Шрифт:
Интервал:
Закладка:
А что касается (спроецированных на синее) жизни и смерти, о них в книге ведь и в самом деле говорится много интересного. На примере значений, приписывавшихся в разные времена синему цвету, даже при простом перечислении этих значений мы можем наблюдать их глубокую взаимопереплетенность, взаимопроникнутость того, что привычно воспринимать как противоположное и несовместимое — потребность этих начал друг в друге и невозможность, в конечном счете, провести между ними четкую границу.
Так египтяне (чье божество Хапи, олицетворявшее животворящий Нил и объединяющее в себе «мужское и женское начала», имело «мужские черты лица
и пухлое женское тело темно-синего цвета») красили в синий цвет и изображения самки гиппопотама — символа богини плодородия и деторождения Таурт, и женские фигурки, помещавшиеся в саркофаги и гробницы: «ведь синий цвет заключал в себе символическое значение циклического повторения жизни, смерти и возрождения». Так по сей день китайцы, желая своим родителям долгих лет, дарят им при жизни не что-нибудь, а «погребальные одеяния очень темного синего цвета». Те, в свою очередь, надевают эту одежду «в торжественных случаях»: ведь «синий цвет обещает продлить земную жизнь и обеспечить жизнь вечную» одновременно. Так в текстах афроамериканских блюзов и в картинах чернокожих художников-американцев «старое синее кресло-качалка» — «old blue rocking-chair» «времен войны Севера против Юга» оказывается одновременно «и символом жизни, примирившейся со смертью, и символом самой смерти». На картинах и книжных иллюстрациях средневековых христиан синие одежды носят грешники — в отличие от одетых в ярко-красное праведников: синий — цвет самого дьявола (с нимбом именно этого цвета изображается и он, и Иуда); и в синей же царственной мантии восседает на троне царь Соломон на миниатюре из чешской Вышебродской библии (рубеж XIII — XVI веков); более того, в синий плащ — одежду одного из «монархических» цветов, цвета неба и божественной сущности — облачилась и сама Богородица.
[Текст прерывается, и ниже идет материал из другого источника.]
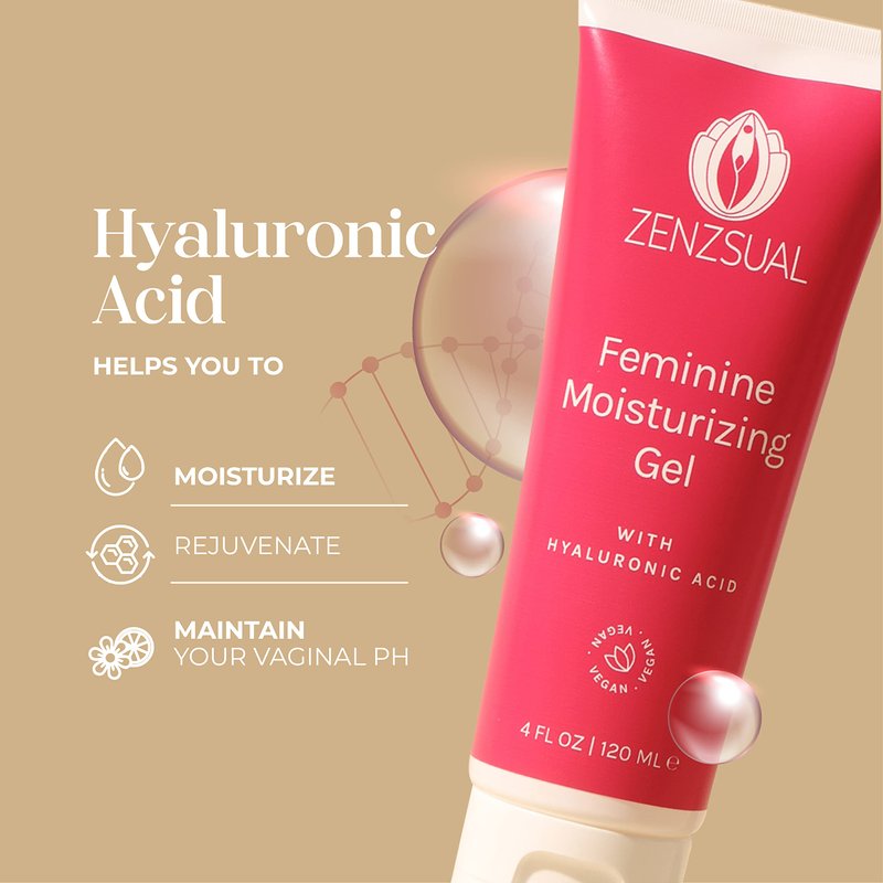 - FEMININE GEL W/ HYALURONIC ACID BY ZENZSUAL – Helps to maintain vaginal PH, Hydrated, replenish and rejuvenate your vagina. Prevents vaginal dryness.
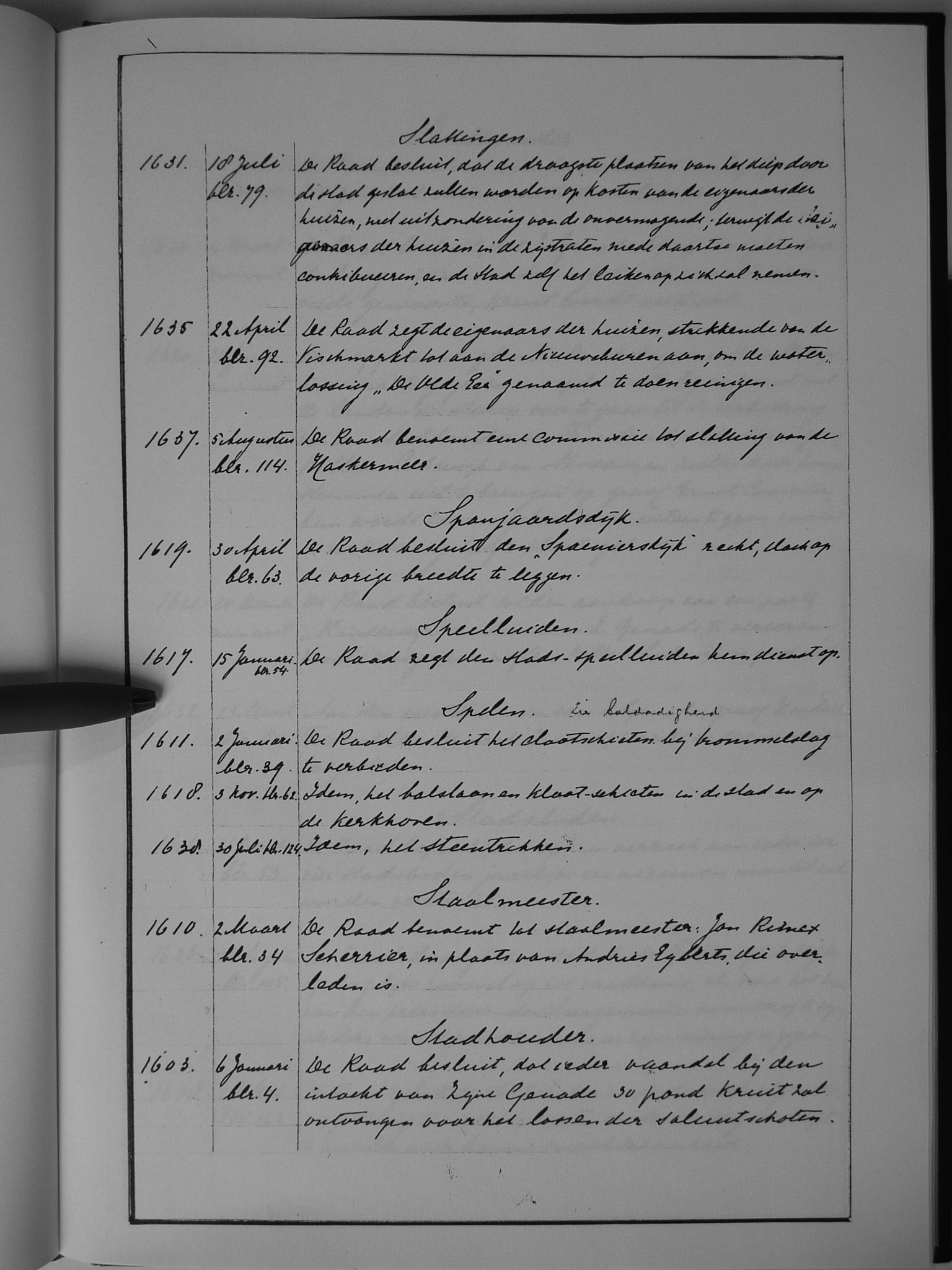 63 slattingen; Spanjaardsdijk; speelluiden; spelen (zie ook: baldadigheid); staalmeester; stadhouder
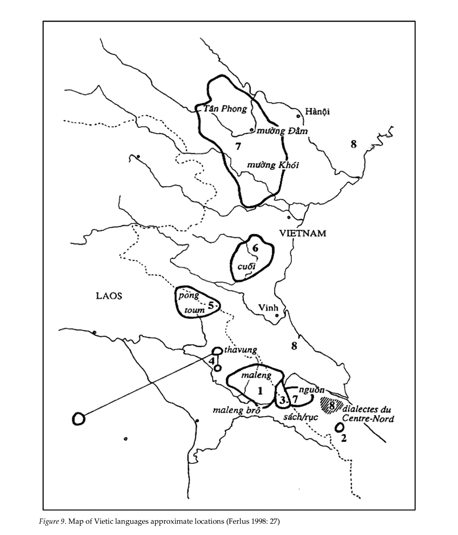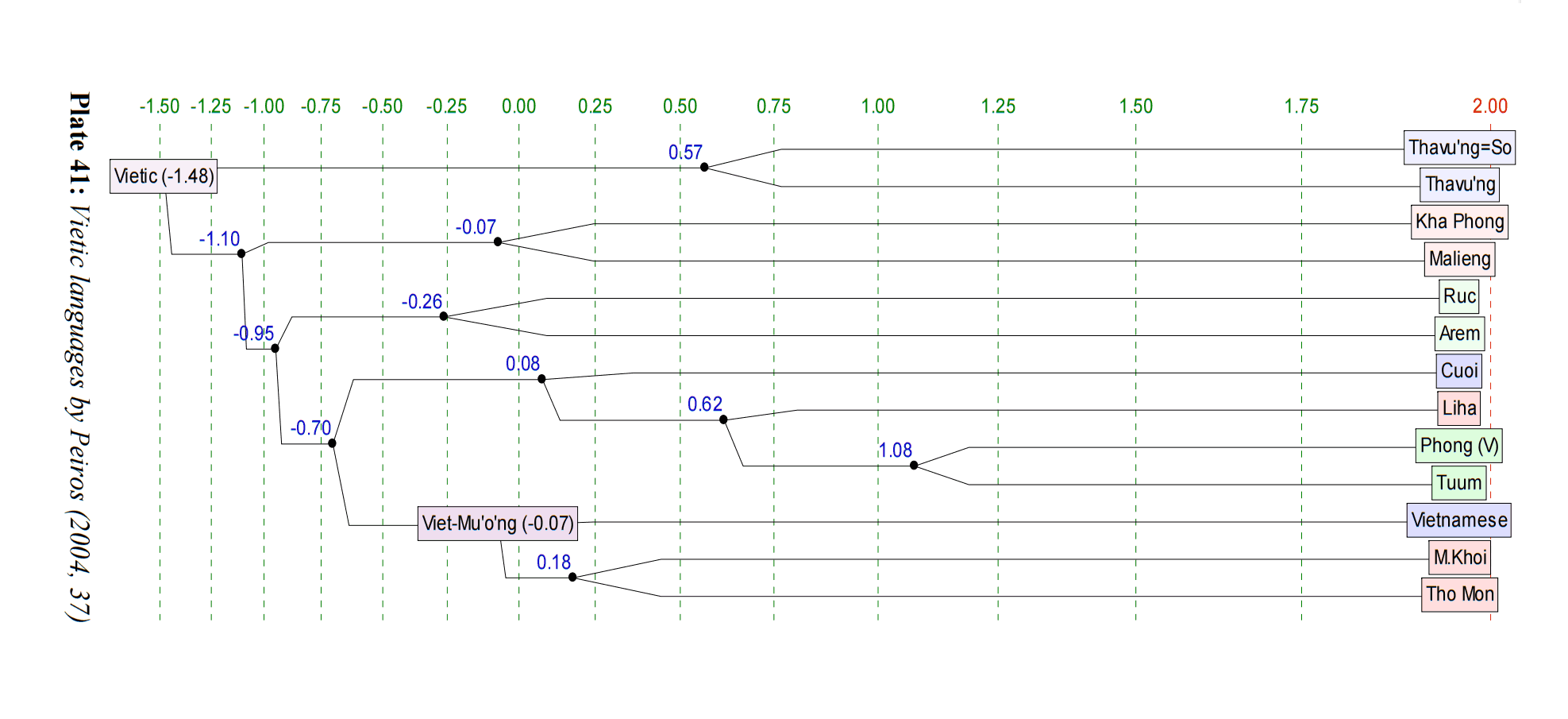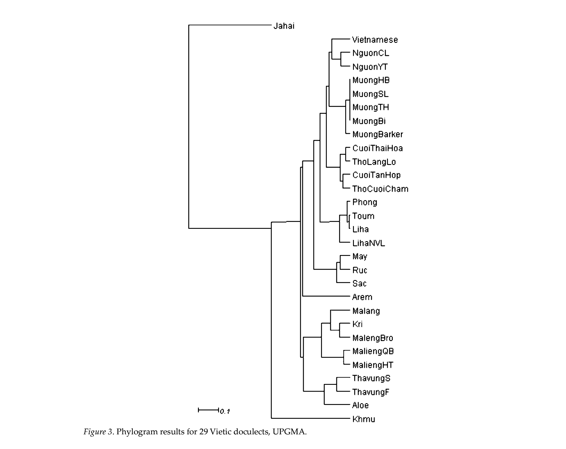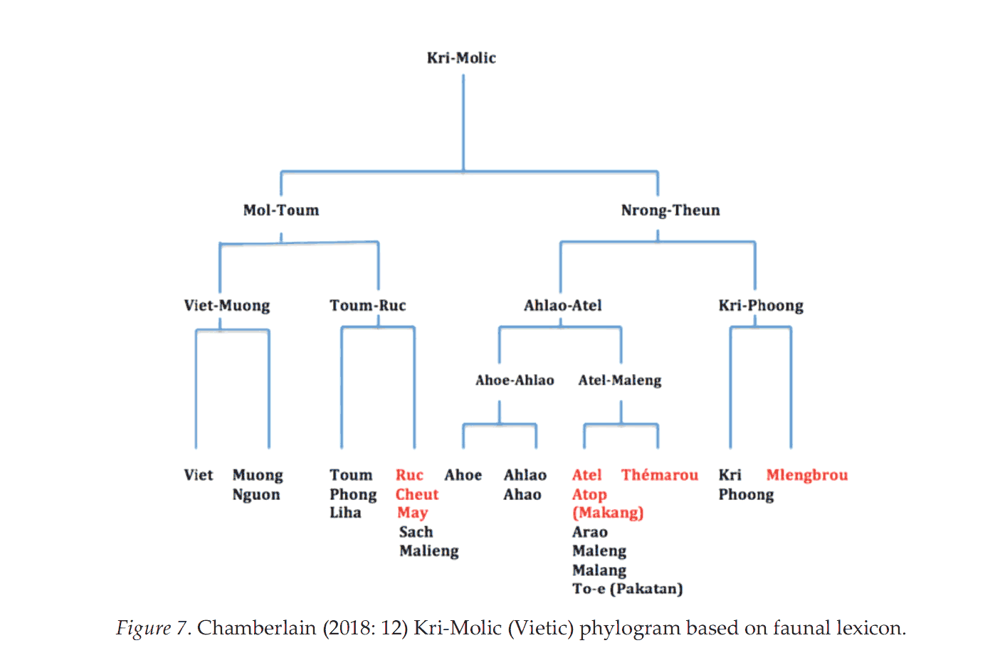 | 越語支 Vietic | ●Vietnamese(京) ●Muong(芒) ●Tho(土) ●Pong(奉) ●Chut(哲) ●Maleng(瑪楞) ●Thavung(他文) |

На изображениях, «относящихся примерно к 1000 году»,
Ее мафорий [8] — темно-синий: цвета скорби, печали — но все-таки цвета божественного. Это еще и цвет сострадания: именно темно-синим плащом, по рассказу Цезария Гейстербахского (XIII век), Она — Mater misericordiae — прикрыла всех умерших монахов и монахинь ордена цистерцианцев, и синий стал цветом защиты. Для Ее средневекового культа, пишет автор, «синий цвет очень характерен. На картинах это цельный, чистый, „незапятнанный” цвет», недосягаемый, «как само небо». Конечно, речь при этом идет о разных оттенках синего цвета — но это все тот же синий. Правда, те же самые христиане Средневековья, что изображали Богородицу в синем, «преследовали женщин, носивших синий плащ: их уличали в колдовстве, считали виновными в болезнях, несчастьях, выкидышах, неурожаях и войнах. В судебных протоколах того времени постоянно упоминаются синие светильники, покрывала и плащи, тесьма и ленты, синие травы». Тут уже об оттенках никакой речи не идет вовсе.
В мусульманский «Судный день, День Воскресения, когда раздастся трубный глас и соберут грешников, глаза их будут» если не ослепшими, то, как вы думаете, какими? — как ни странно, голубыми или синими. Этот цвет, цвет куполов мечетей, цвет бирюзы, которая считалась «самым желанным и восхитительным драгоценным камнем», способным «надежно защищать своего владельца», само имя которой означало в персидском языке «торжество» и «победу», — этот же самый синий цвет был мусульманам-арабам ненавистен, поскольку именно такого цвета были глаза их злейших врагов — греков-византийцев. «Синий взгляд» таких глаз, не сомневались арабы, — дурной и «способен сглазить человека» (что самое любопытное — это же представление разделяли с ними и синеглазые греки!). От этого может спасти только амулет синего же цвета — «из сине-зеленой бирюзы или синего лазурита». Несколько веков спустя «суеверный Пикассо, который всерьез верил в злых духов, воспринимал синий цвет своих картин» «голубого» периода «как магический щит, ограждавший его от внешнего мира и особенно от женщин», в которых видел «предвестниц смерти, разносчиц смертоносной болезни».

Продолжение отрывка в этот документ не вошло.